● **GIVEN DATA**
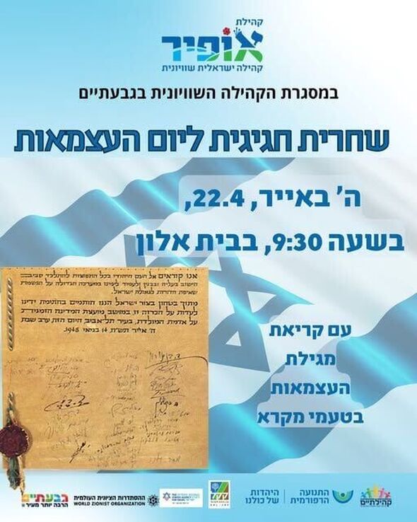 הקהילה השוויונית בגבעתיים, במסגרת קהילת אופיר, תקיים תפילת שחרית חגיגית לציון יום העצמאות ביום רביעי, 22 באפריל (ה' באייר). האירוע ייערך בבית אלון בשעה 09:30 בבוקר, בהשתתפות הרב גלעד קריב.
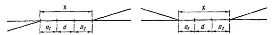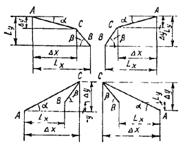 - между прямым и кривым путем, направленным в сторону от прямого (табл. 16.19)
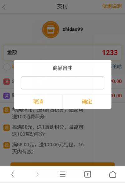 商品备注弹窗

● **REQUIRED WORK**
Everything from the line containing "- между прямым" to the final line of the listing above, both ends included, should be transcribed word for word, except for the pictures.

● **TASK SOLUTION**
 - между прямым и кривым путем, направленным в сторону от прямого (табл. 16.19)
 商品备注弹窗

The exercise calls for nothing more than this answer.